North Island overtakes South Island as sheep central

Federated Farmers is welcoming Beef+Lamb NZ’s Economic Service confirming declines in the national sheep flock and beef herd may now be at an end. It also confirms the North Island has become the dominant island for both sheep and beef.

“It shows what a couple of good back to back seasons can do for stock numbers and morale,” observed Jeanette Maxwell, Federated Farmers Meat & Fibre chairperson.

“While lambing numbers are looking good for sheep and calving prospects good for beef, we are of course in a global economic vice as key export markets struggle.

“Every stock unit will be needed to bridge an income gap due to falling prices, best illustrated by lamb. Last season, we were tracking towards T150 with a season average of $115 per lamb but this season, lamb prices are predicted to go backwards by 17 percent, to $95.00.

“If we get the projected increase in the lamb crop, it could help offset reduced farm incomes.

“What is not looking flash is a tanking wool market. Fibre farmers look at falling wool returns from such a ‘green fibre’ and are rightly cynical about upbeat claims surrounding the so-called green economy.

“Federated Farmers is committed to working positively to turn this around because wool is the ‘undiscovered country’ of New Zealand’s primary industries.

“Then, of course, there is the weather.

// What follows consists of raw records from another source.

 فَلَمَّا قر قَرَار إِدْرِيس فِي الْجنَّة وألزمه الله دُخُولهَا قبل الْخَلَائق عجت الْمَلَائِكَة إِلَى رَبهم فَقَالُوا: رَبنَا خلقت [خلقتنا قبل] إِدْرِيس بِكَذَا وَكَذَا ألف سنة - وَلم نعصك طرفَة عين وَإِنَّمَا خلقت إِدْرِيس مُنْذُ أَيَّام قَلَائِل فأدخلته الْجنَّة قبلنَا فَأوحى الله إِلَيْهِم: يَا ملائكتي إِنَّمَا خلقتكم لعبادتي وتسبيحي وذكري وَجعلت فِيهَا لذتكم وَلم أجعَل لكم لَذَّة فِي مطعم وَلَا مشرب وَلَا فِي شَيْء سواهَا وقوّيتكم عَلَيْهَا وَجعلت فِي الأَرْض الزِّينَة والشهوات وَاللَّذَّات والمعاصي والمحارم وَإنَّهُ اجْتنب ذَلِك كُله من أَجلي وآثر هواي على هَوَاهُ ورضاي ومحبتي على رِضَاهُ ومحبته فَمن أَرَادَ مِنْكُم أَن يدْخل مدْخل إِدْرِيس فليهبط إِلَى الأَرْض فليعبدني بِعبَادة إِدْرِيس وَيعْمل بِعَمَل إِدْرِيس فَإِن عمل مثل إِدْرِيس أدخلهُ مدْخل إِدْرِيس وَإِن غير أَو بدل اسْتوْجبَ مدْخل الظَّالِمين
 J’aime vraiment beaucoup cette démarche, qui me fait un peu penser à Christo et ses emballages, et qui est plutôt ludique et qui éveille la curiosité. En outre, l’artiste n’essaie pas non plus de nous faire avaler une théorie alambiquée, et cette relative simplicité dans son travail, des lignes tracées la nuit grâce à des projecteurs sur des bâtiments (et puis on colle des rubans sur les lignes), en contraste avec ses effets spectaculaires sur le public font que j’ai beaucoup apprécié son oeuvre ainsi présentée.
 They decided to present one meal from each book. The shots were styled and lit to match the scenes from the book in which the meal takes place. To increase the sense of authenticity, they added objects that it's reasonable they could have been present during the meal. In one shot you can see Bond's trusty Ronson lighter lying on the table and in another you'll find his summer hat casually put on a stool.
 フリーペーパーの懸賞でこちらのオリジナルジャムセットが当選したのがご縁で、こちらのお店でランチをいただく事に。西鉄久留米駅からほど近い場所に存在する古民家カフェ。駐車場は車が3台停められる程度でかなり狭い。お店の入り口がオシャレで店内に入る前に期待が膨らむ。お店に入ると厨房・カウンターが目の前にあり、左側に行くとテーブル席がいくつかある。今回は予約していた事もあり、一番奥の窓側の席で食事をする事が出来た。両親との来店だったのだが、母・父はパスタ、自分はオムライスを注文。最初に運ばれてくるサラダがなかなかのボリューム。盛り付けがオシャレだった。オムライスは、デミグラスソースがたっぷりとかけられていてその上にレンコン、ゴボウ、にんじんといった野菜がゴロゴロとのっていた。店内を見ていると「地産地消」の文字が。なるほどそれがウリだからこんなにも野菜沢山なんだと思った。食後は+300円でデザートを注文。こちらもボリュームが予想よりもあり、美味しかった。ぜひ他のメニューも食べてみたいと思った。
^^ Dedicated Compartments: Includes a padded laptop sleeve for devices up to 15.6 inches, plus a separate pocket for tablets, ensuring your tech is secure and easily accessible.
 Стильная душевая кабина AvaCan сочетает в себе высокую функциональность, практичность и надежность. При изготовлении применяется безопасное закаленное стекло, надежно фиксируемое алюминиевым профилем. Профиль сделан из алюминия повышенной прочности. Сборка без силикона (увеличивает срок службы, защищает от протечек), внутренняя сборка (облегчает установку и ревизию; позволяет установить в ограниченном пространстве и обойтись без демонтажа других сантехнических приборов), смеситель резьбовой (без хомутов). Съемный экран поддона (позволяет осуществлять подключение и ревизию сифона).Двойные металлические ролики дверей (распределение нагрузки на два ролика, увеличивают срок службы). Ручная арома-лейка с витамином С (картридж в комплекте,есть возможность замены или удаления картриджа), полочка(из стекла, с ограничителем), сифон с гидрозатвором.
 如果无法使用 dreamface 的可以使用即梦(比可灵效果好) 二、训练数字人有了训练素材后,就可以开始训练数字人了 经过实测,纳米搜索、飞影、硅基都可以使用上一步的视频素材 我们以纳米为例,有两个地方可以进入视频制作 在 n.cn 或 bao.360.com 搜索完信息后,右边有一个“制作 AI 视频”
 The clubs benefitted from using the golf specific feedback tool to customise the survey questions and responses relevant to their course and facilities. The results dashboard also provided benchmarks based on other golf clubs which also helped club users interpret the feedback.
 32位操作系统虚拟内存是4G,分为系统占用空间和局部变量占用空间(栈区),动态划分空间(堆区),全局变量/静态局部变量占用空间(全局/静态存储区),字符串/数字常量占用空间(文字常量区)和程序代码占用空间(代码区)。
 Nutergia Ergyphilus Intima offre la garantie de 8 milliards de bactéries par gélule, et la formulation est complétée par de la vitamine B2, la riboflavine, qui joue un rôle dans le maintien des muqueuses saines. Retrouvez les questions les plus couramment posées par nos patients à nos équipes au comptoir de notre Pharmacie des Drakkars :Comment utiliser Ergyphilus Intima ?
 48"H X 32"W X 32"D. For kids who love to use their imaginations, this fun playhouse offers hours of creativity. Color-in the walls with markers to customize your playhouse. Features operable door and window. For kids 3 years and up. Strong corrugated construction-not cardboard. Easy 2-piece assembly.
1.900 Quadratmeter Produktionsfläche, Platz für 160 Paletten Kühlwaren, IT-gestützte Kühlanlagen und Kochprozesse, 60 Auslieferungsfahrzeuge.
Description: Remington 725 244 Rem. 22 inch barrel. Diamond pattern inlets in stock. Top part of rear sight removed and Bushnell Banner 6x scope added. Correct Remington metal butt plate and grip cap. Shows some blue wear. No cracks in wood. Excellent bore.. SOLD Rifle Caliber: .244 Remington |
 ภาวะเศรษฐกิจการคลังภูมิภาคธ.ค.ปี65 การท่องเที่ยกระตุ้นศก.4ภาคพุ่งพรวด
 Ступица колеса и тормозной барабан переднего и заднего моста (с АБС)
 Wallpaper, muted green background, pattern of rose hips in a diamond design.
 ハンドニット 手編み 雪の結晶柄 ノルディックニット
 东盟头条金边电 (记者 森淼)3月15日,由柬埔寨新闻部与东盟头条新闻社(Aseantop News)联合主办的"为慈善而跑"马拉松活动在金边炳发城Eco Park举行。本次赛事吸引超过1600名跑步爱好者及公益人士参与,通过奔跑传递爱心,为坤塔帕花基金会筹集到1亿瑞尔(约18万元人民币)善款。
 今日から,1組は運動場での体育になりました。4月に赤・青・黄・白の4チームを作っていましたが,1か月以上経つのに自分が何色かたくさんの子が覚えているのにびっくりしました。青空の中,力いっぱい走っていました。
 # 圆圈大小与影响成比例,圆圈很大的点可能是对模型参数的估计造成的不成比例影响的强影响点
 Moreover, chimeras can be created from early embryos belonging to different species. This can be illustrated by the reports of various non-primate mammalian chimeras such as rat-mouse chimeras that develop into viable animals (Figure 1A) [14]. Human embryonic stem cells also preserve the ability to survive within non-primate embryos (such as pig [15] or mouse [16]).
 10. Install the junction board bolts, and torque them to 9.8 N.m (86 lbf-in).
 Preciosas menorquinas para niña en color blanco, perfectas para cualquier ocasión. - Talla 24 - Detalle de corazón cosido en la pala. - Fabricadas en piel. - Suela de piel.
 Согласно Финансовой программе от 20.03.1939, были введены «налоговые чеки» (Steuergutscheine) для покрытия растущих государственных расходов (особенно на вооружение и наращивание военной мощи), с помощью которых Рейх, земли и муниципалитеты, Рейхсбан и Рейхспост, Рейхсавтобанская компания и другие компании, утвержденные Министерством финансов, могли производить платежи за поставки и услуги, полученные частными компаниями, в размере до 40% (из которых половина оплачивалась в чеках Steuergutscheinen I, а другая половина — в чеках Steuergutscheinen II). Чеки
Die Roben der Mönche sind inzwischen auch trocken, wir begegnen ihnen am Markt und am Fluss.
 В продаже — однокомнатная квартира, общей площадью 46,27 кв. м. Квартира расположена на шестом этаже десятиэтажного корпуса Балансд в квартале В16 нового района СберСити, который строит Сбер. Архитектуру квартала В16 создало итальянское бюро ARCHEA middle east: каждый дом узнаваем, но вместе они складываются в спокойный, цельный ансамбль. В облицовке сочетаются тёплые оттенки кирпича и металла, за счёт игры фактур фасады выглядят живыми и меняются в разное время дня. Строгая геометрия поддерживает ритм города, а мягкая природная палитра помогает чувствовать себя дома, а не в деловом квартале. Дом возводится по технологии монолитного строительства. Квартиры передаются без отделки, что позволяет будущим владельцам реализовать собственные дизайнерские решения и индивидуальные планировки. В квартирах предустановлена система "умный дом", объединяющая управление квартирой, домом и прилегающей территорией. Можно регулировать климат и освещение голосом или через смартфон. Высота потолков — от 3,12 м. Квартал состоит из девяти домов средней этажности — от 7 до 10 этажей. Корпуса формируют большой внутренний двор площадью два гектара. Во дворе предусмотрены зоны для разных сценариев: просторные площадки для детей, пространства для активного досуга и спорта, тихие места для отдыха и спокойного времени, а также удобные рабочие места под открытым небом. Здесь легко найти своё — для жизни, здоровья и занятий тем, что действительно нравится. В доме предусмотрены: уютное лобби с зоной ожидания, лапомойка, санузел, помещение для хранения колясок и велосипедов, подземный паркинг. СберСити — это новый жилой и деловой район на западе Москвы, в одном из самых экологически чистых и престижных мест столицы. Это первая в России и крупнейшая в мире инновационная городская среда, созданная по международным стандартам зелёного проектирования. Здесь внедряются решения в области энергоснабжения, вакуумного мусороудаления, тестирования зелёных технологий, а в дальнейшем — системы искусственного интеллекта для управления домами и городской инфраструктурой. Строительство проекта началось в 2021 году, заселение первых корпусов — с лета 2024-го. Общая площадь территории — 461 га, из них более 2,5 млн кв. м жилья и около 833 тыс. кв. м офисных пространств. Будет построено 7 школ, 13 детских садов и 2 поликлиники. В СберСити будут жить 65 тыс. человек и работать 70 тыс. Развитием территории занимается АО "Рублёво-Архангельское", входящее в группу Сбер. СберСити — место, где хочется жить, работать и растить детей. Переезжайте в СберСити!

While spring looks reasonably benign NIWA is predicting an El Niño pattern could develop in the tropical Pacific. This is something all farmers need to keep an eye on and underscores why water storage is needed.

“At a headline level, the national sheep flock is up 2.6 percent to 31.94 million animals. The good news with hoggets being up 7.1 percent, to 10.26 million animals, is that they are potential indicators of future capital stock intentions.

“What I think we are also seeing is a return of sheep and beef to traditional areas. Much of the land convertible to dairy seems to have passed from our industry into dairy or dairy support. In the South Island especially, beef farmers seemed to have swapped their bulls for cows.

“Beef in the South Island is down 5.6 percent to just over 1 million animals, whereas in the North Island, numbers there are up 3.6 percent to 2.84 million animals. When it comes to sheep, the only region to record a slight fall was Marlborough-Canterbury.

“North Island farmers will be cock-a-hoop because sheep numbers there went up 4 percent to 16.08 million animals. That contrasts with a modest 1.2 percent increase in the South Island returning 15.86 million animals.

“It means the sheep industry crown has gone north to join the one they already hold for beef,” Mrs Maxwell concluded.